Ложусь. Затягивает трясина сна. Опять вспоминаю одинокую грустную Катю, Пашку-фантазёра с его солдатиками, своих воробышков, вечно серьёзного и бесхитростного Алексея, усатого красавца Николая, и ещё... Нуржамал.
Бедная! Кто был по-настоящему виноват в произошедшем ужасе? Тот человек... Подумай: теперь ему и Божьего суда не будет. Он сам от всего отрёкся. Не зря ведь в России самоубийц хоронили за оградой церковной. Да, простить не простишь, понимаю. Нам с тобой обоим тупыми ножницами распороли сердце...
Хотя вот что я вижу: рот у Нуржамал уже не стягивает безобразный жгут. Вижу веснушки, птичий носик, и глаза поблёскивают недоверчиво.
И все здесь! Глупые подростки из трамвая, суровая женщина-психолог, и сэр Джон, и безногий калека, и упавшая больная. Лица всех – как лица родных. Так и есть! За Саней в чём-то чёрном угадываю силуэты отца, матери, брата, бабки и многих, многих ещё... Мы в храме! Мы вместе идём к Чаше! А держит Её тот самый сияющий великолепием батюшка в голубом.
Никогда, ни секунды в своей жизни не сомневался я в бытии Божьем. Но вся она была последовательным нарушением Его заповедей. Не творя явного беззакония, истлевал внутренне. Из сердца ведь исходят помышления злая.
Уже не астматические спазмы, а подлинные глубокие рыдания сотрясают грудь. Я плачу сладкими слезами, как тогда, в детстве, украв стеклянного слонёнка и понимая, что всё равно простят. Или позже, когда, тревожась в ожидании матери, молился Ему, чтобы не отнимал, и знал, что не отнимет. Или в монастыре – безостановочно – перед ракой святителя.
Значит, и моей никчёмной судьбе есть место в прекрасном Божьем мире...
* * *
Комнату заливает солнце.
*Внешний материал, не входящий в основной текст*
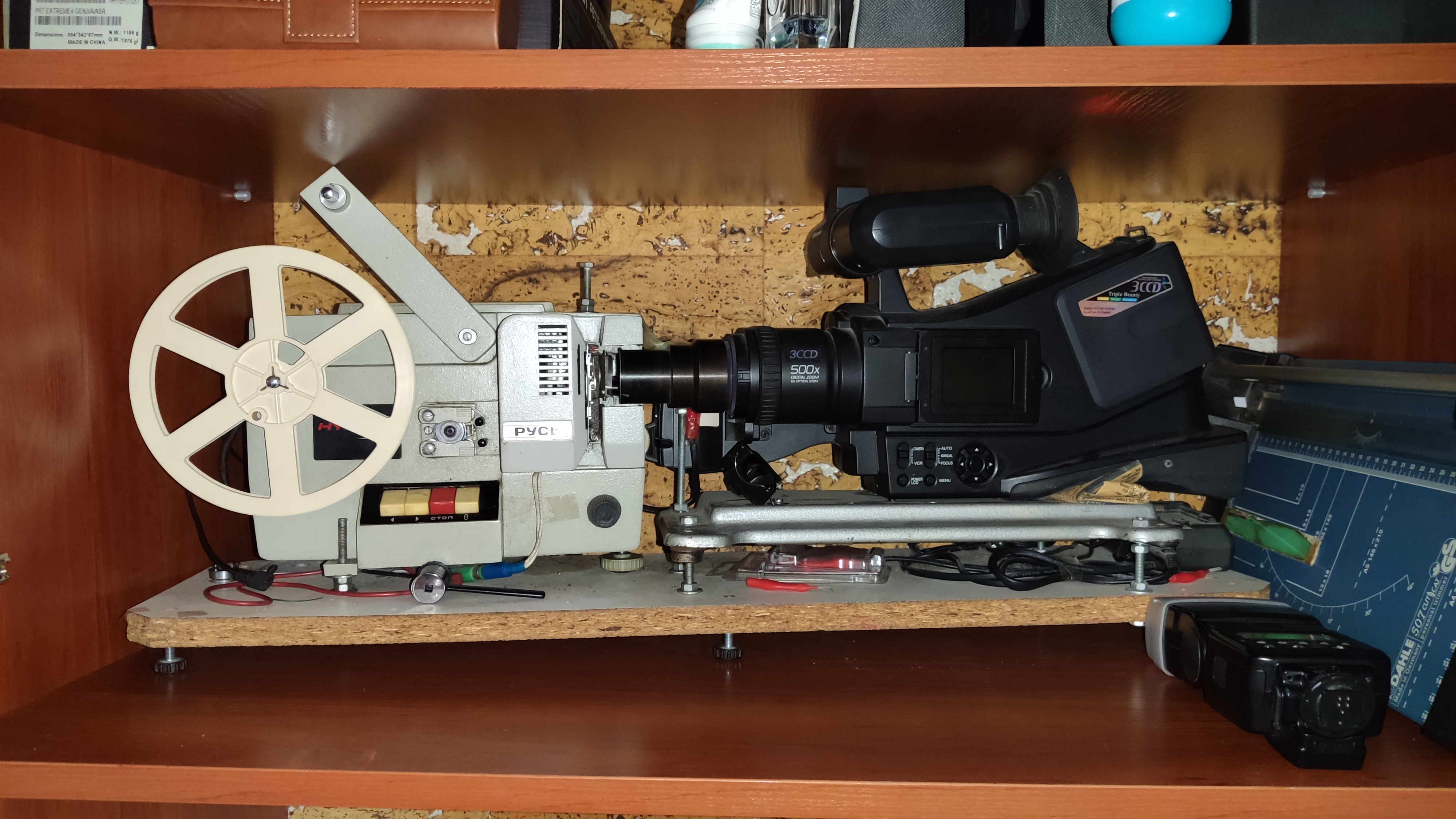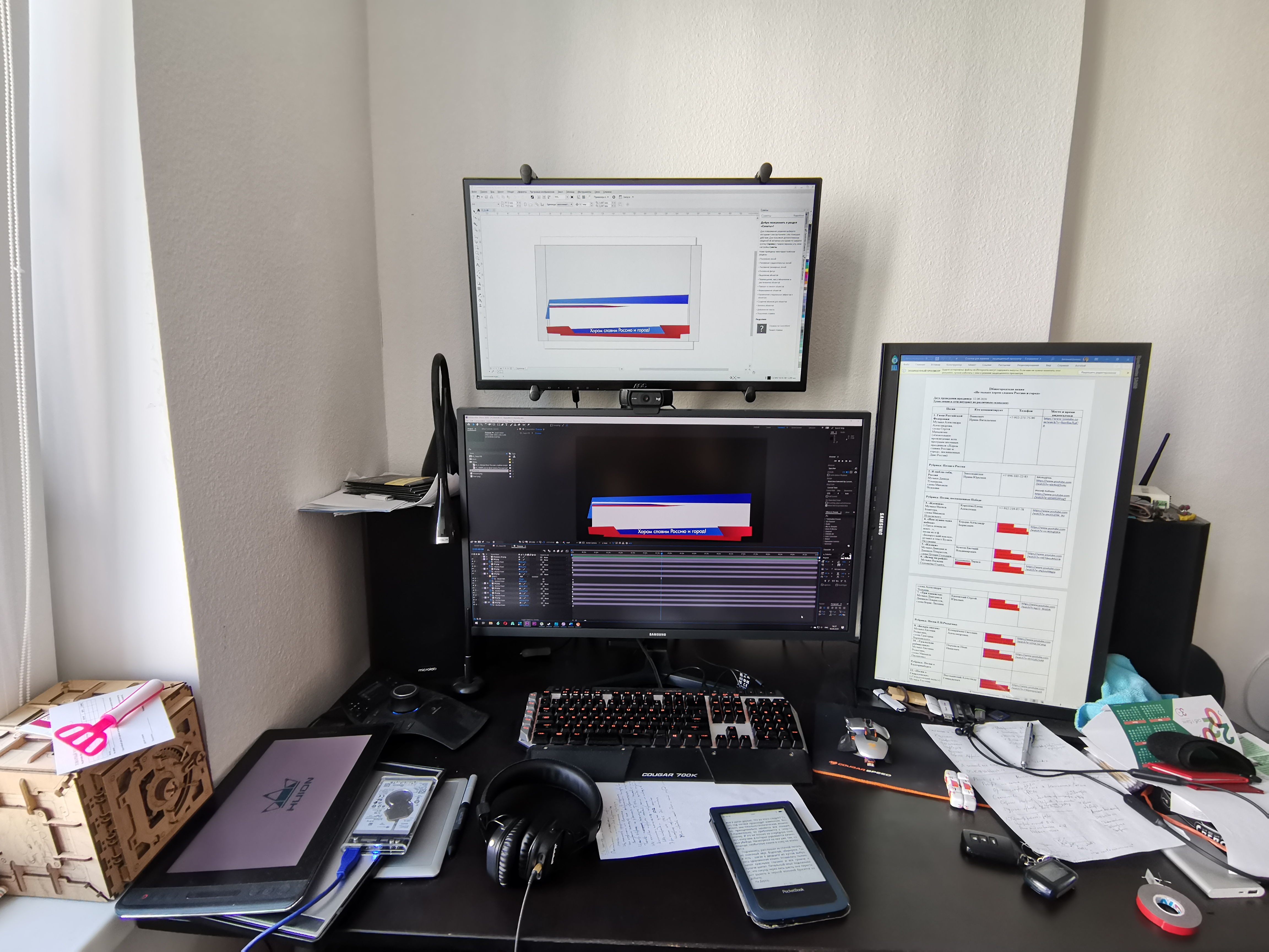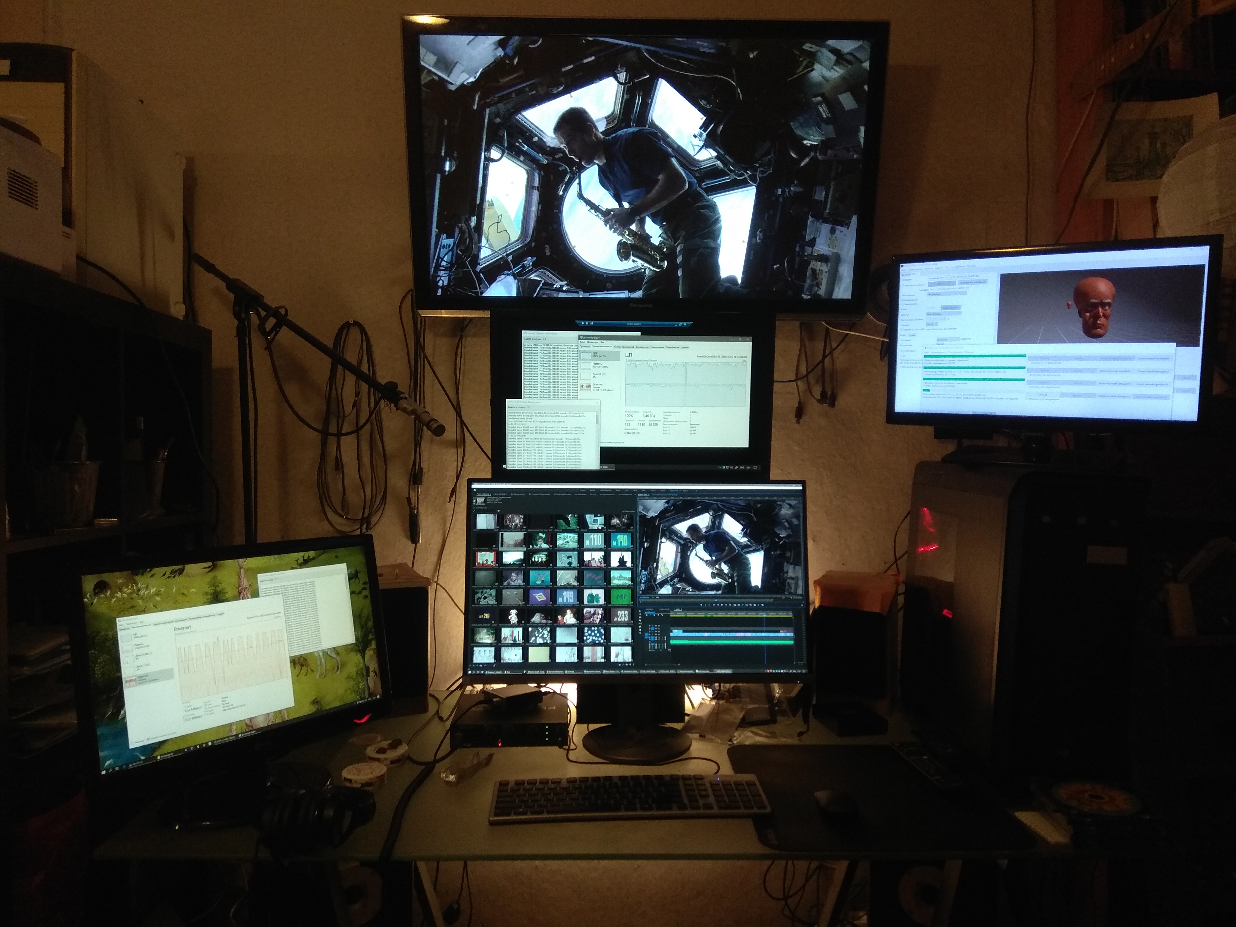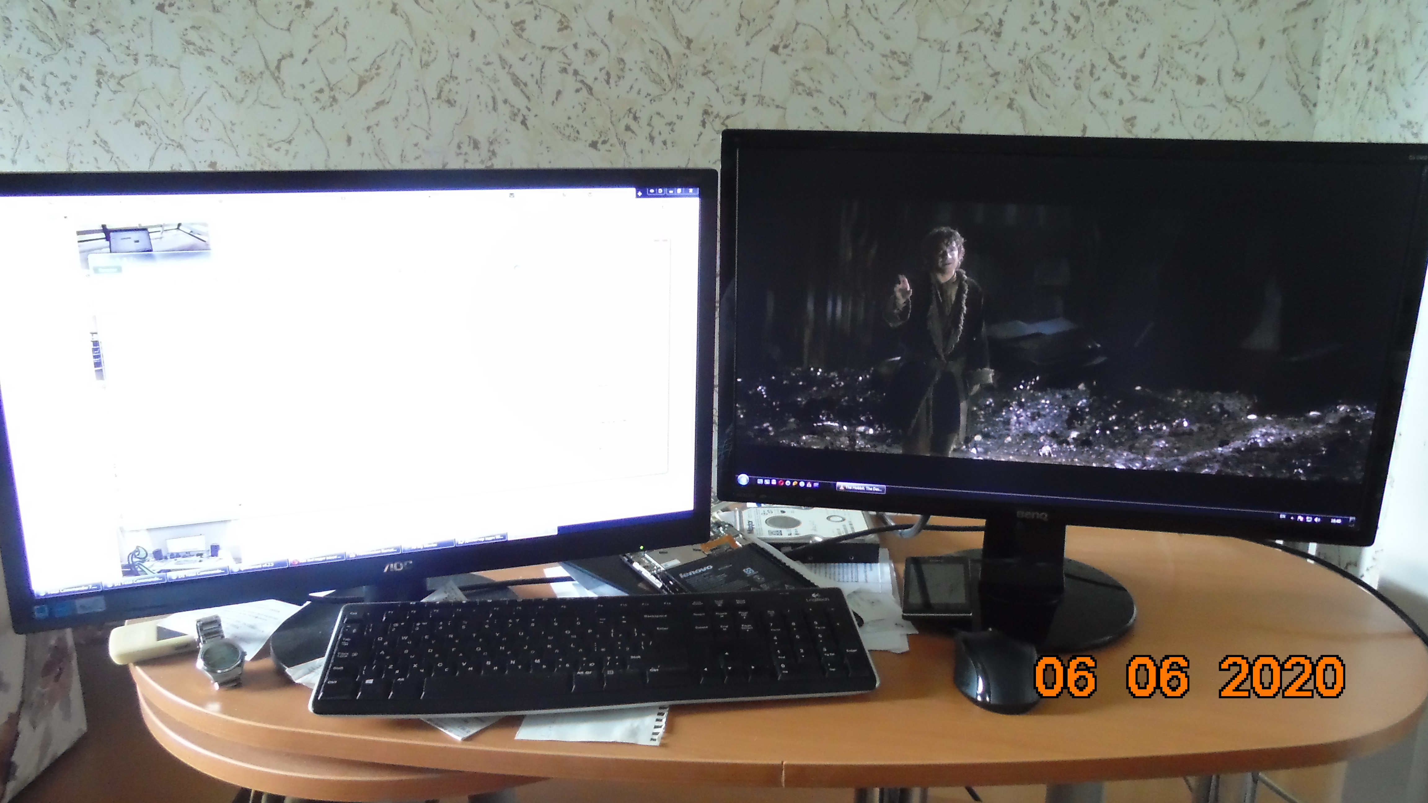 Кошка, иногда сидящая на системном блоке справа, ушла, не любит суеты. Ничего не убирал, бардак обычный.

Шесть часов утра. Пахнет по-весеннему свежо, и слышно, как журчит капель.
Что за странный звук? Скрип? Шипенье? Вой? Вскакиваю, с любопытством раздвигаю шторы и невольно улыбаюсь. Два кота – один рыжий, другой серый – орут, стоя друг против друга. Но это продолжается недолго. Сцепившись, коты превращаются в клубок яростно рвущейся шерсти. Золотистый клочочек доплывает до моего окна и оседает на стекле. Распахиваю створки, отламываю часть штукатурки, швыряю, довольно метко для моих близоруких глаз. Разбегаются с визгом.
Инстинкт, вызвавший к жизни пенье соловья, точно так же заставляет вопить мартовских котов. Созидание и разрушение – две стороны медали.
Всё остаётся в силе, на своих старых местах. Но я-то знаю, что мне – как и всякому человеку – дано больше.
Я подошёл к столу, смёл пыль и взял в руки Евангелие.